BNP Paribas and Svenska Handelsbanken are looking to issue Samurai bonds as early as next month, while Turkey is also mulling a deal that would be guaranteed by the Japan Bank for International Cooperation (JBIC), according to bankers familiar with the plans.
The governments of Kenya, Hungary, Indonesia and Poland are also examining the possibility of issuing sovereign Samurai bonds in the second half of the fiscal year, while a diverse range of Asian issuers are also forecast to come to the yen market, including Development Bank of Mongolia and Export-Import Bank of Korea.
Mexican state-run oil company Pemex is also considering a Samurai issue, treasurer Rodolfo Campos told IFR in July.
The growing pipeline comes as the Bank of Japan’s monetary easing programme has driven yields on domestic bonds to ultra-low levels, pushing more Japanese investors to consider overseas credits in search of higher returns.
The benchmark 10-year Japanese government bond yield touched a 16-month low on Friday at 0.495 percent, while the five-year domestic benchmark for Single A rated issuers hit 0.348% earlier this month, its lowest yield since at least 2010.
The Samurai market, with Japanese language documentation and local conventions, has become a popular alternative for the country’s fund managers. Traditionally reserved for only the highest-rated foreign issuers and short tenors, the range of deals in the pipeline shows the conservative market has begun to open up.
“Investors are more aggressive than they’ve ever been as we are finally going down the credit curve,” said the banker. “This will be a true testament on how aggressive the market is willing to go.”

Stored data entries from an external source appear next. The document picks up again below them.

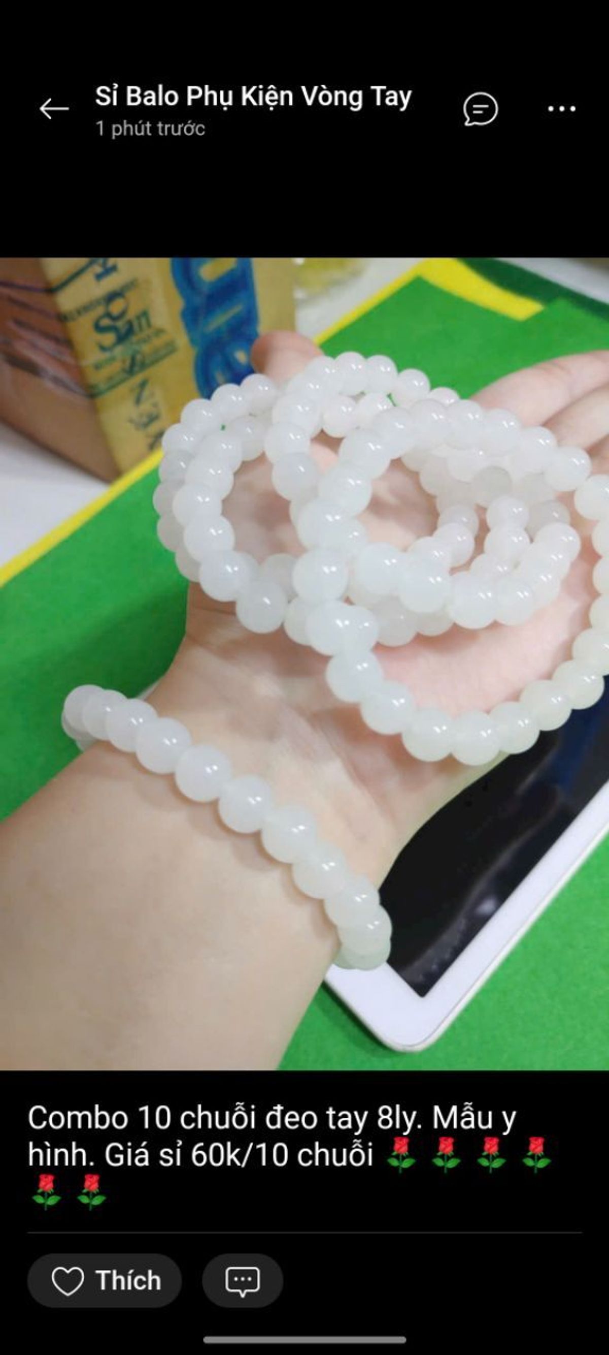 Chuỗi đeo tay phong thủy màu trắng đá 8mm giá sỉ - giá bán buôn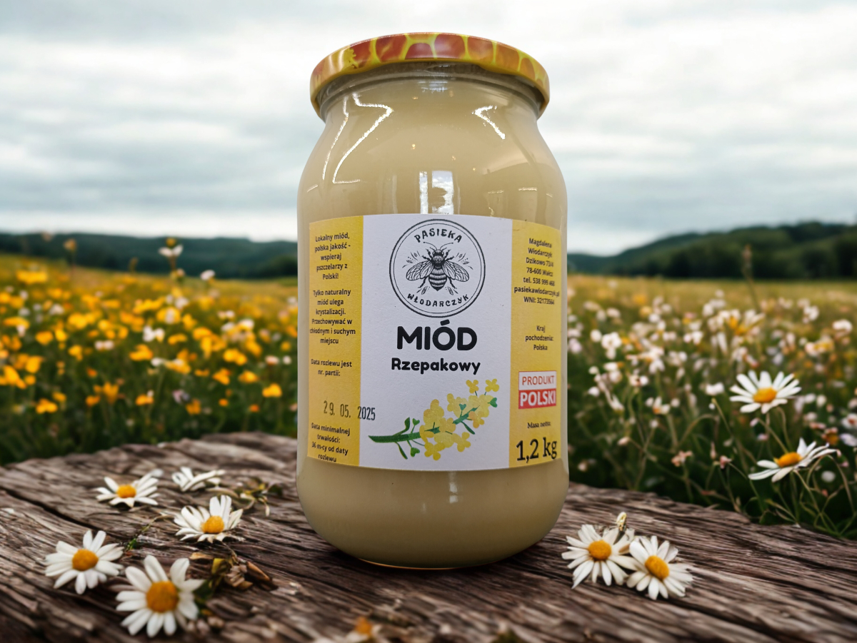 Miód rzepakowy 1,2 kg z Pasieki Włodarczyk z Pojezierza Wałeckiego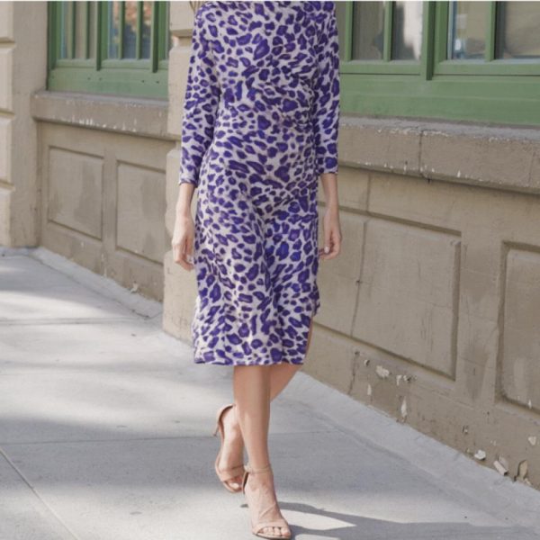 Dresses Jumpsuits | Women Clara Sunwoo Foil Knit Side Slit/Sleeve Midi Dress Plum Cheetah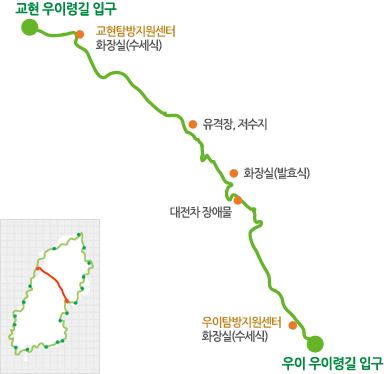 우이령길은 서울 강북구 우이령과 경기 양주시 교천리를 연결하는 작은 길로, 북쪽의 도봉산과 남쪽의 북한산의 경계입니다. 무장공비의 청와대 침투사건으로 인하여 민간인의 출입이 전면 금지되었다가 탐방 예약제로 개방된 자연생태계가 잘 보존된 지역으로, 우이령 계곡과 숲을 함께 느낄 수 있는 구간입니다. 맨발체험이 가능하며, 노약자 모두 걸을 수 있는 편안한 길입니다.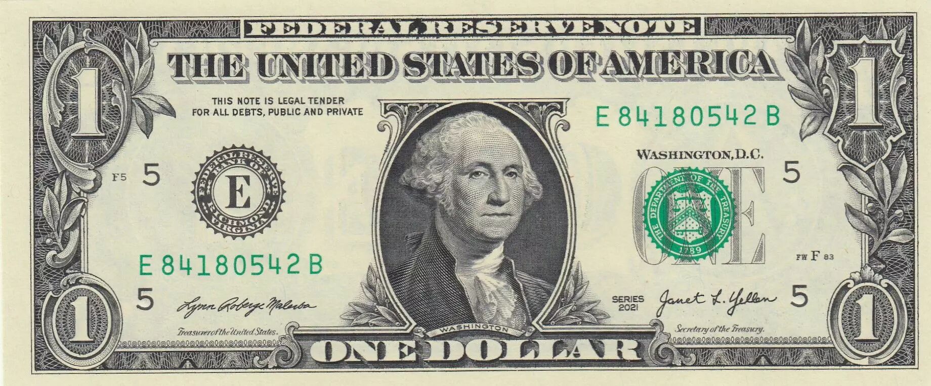 Le recto du billet présente un portrait de George Washington, le premier président des États-Unis. La gravure est basée sur une ?uvre de Gilbert Stuart, un peintre américain renommé pour ses portraits de personnalités de l'époque. Le portrait de Washington est entouré d'ornements et d'inscriptions officielles, y compris la désignation de la valeur nominale "ONE DOLLAR".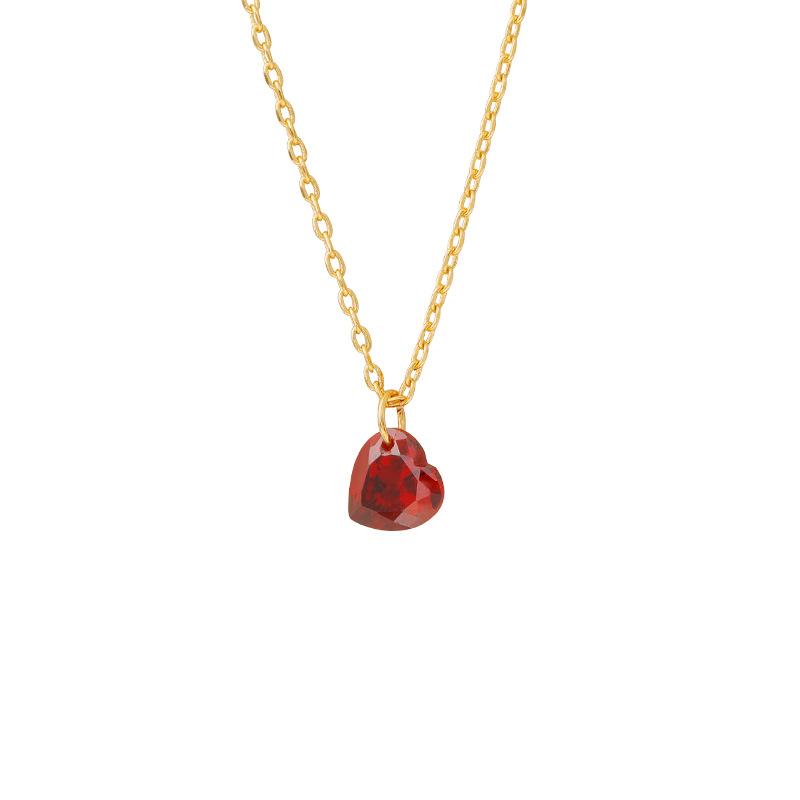 Copper gemstone necklace, women's pomegranate red single diamond collarbone chain, simple temperament, light luxury necklace
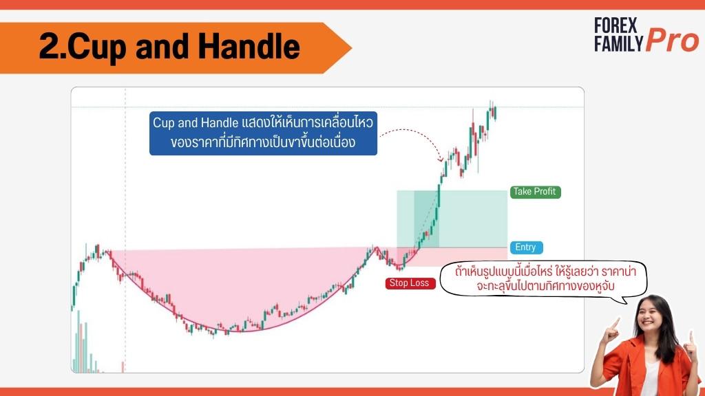 - ให้จำง่ายๆ ว่าลักษณะจะเหมือนกับถ้วยชาบนกราฟ แสดงให้เห็นการเคลื่อนไหวของราคาที่มีทิศทางเป็นขาขึ้นต่อเนื่อง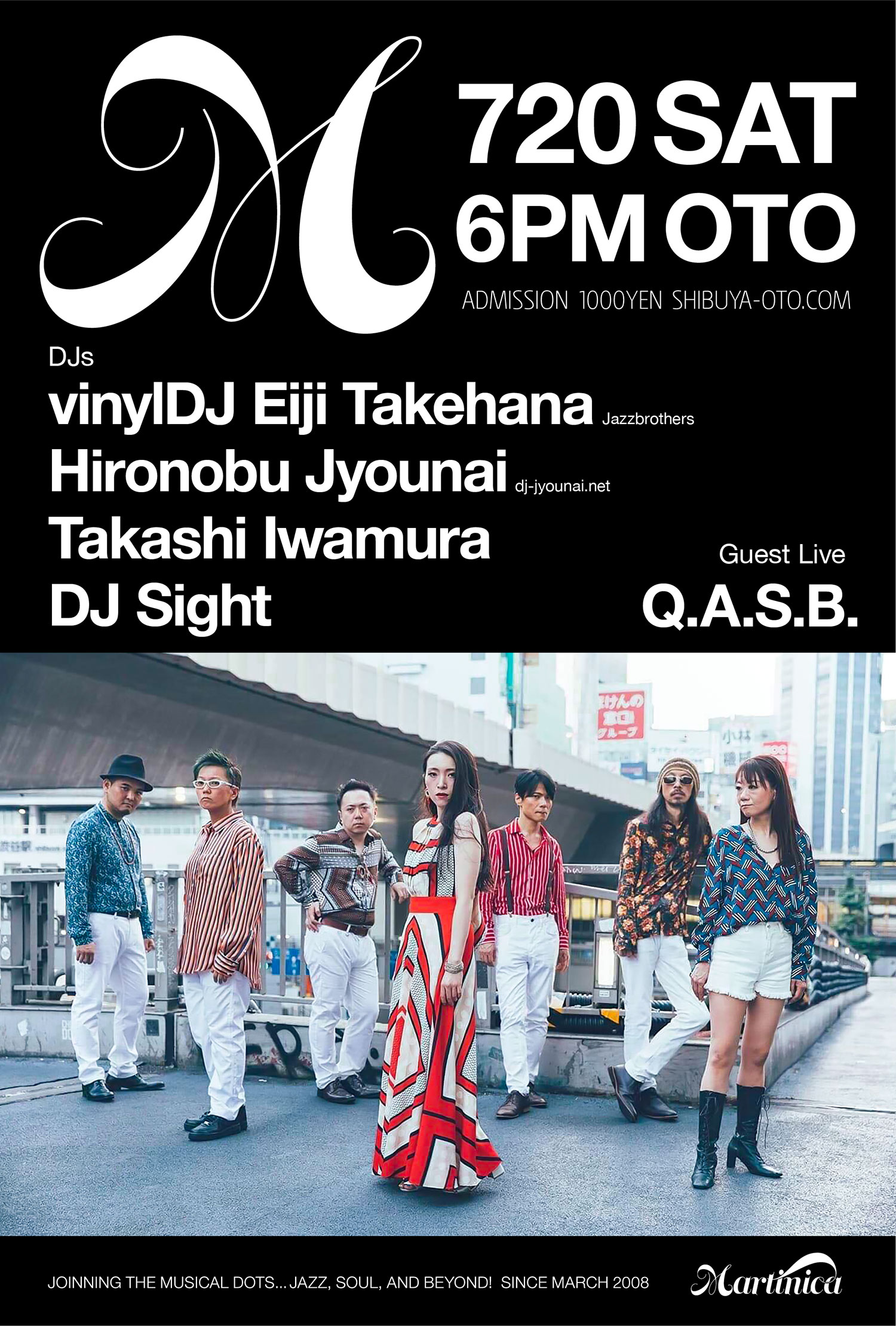 7.20.sat Martinica // Guest Live: Q.A.S.B. : a.yu.mi.(Vo) Masamichi Ishikawa(Key) Yama(Gt) Shiori “Shelly” Tabata(Ba) Sachi Nakasaki(Ds) Echigo(Tp) Yuzo “Uzo” Kitano(Ts) Makiko Sugiyama(Tb) Akito Sutou(Per) // DJs: vinylDJ Eiji Takehana(Jazzbrothers), Hironobu Jyounai(dj-jyounai.net), Takashi Iwamura, DJ Sight // OPEN 18:00-23:00 ¥1000-NoD // shibuya-oto.com

Samurai issuance in the first four months of Japan’s fiscalyear reached ¥1.1trn ($10.75bn), up 37 percent on the same period last year and at the highest since 2008, according to ThomsonReuters data. Japan’s fiscal year starts on April 1.
Most bankers are expecting deal flow to remain strong as issuers continue to look for alternatives to US dollar debt and Japanese investors look down the credit curve in search of higher returns.
“We may see more than $2bn in yen issuance by the end of September,” said a senior syndicate banker in Tokyo. “Geopolitical risks have been rattling global markets, but we don’t see much of that affecting the Samurai market since we don’t see issuers from Ukraine, Israel or Iraq.”
Borrowers that have tapped the Samurai market so far this year have done so at historically tight spreads, while European borrowers in particular have been able to save on their funding costs in their home markets.
French bank BPCE in July priced its three-year bonds about 13bp inside its euro secondary curve, after swapping the proceeds back to euros.